* _DATA EXCERPT_:
%%
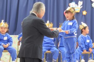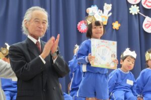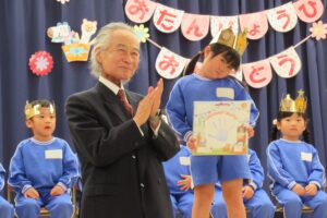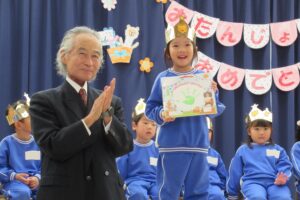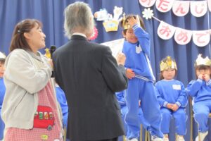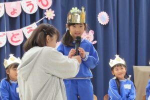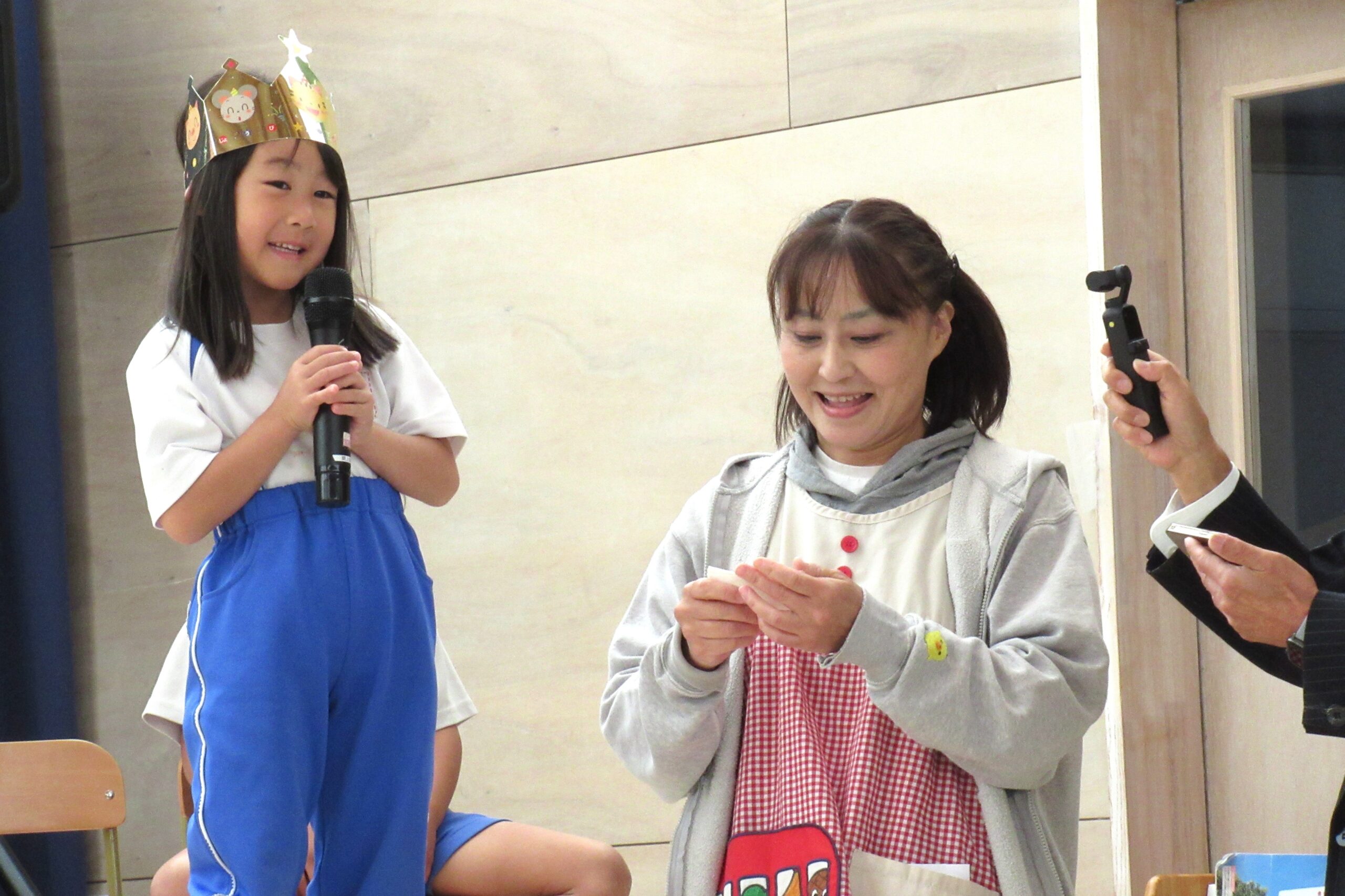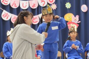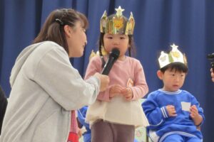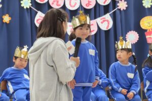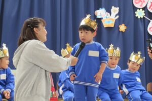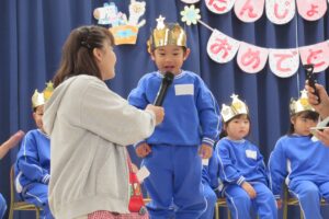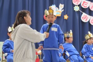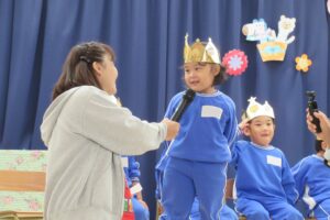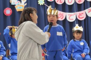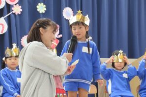 全クラス 2025.10.23 令和7年度 10月の様子「誕生会」 10月22日(水)は、10月生まれの誕生会が行われました!インタビューにしっかり答える子、また答えられるようになった子、注目されて緊張している子など様々でしたが、一人ひとりの成長が見られました!!
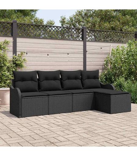 vidaXL Havesofa Sæt med pude 5 pcs Sort Poly rattan Sort 231 x 117 x 85 cm
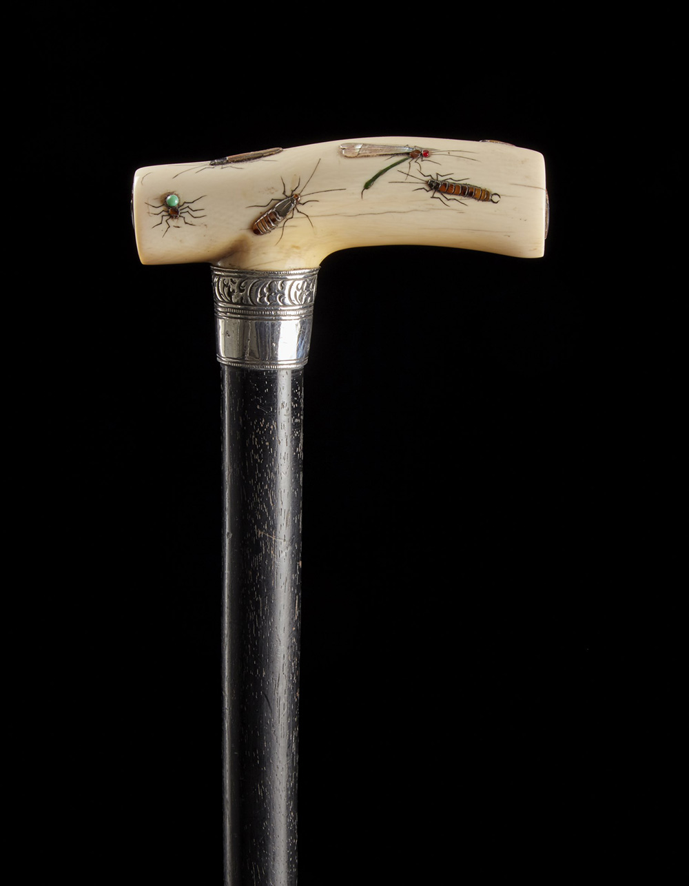 Bastone con presa Shibayama in avorio sagomato, intagliato e inciso a insetti. Giappone, sec. XIX. Ghiera in argento con punzoni abrasi (mancanze) A walking stick with Shibayama ivory handle. Japan, 19th century. Silver collar (losses)
%%
* _ABOUT THIS TASK_: Repeat the listing above verbatim, but exclude the pictures it contains.

* _RESULT BELOW_:
 全クラス 2025.10.23 令和7年度 10月の様子「誕生会」 10月22日(水)は、10月生まれの誕生会が行われました!インタビューにしっかり答える子、また答えられるようになった子、注目されて緊張している子など様々でしたが、一人ひとりの成長が見られました!!
 vidaXL Havesofa Sæt med pude 5 pcs Sort Poly rattan Sort 231 x 117 x 85 cm
 Bastone con presa Shibayama in avorio sagomato, intagliato e inciso a insetti. Giappone, sec. XIX. Ghiera in argento con punzoni abrasi (mancanze) A walking stick with Shibayama ivory handle. Japan, 19th century. Silver collar (losses)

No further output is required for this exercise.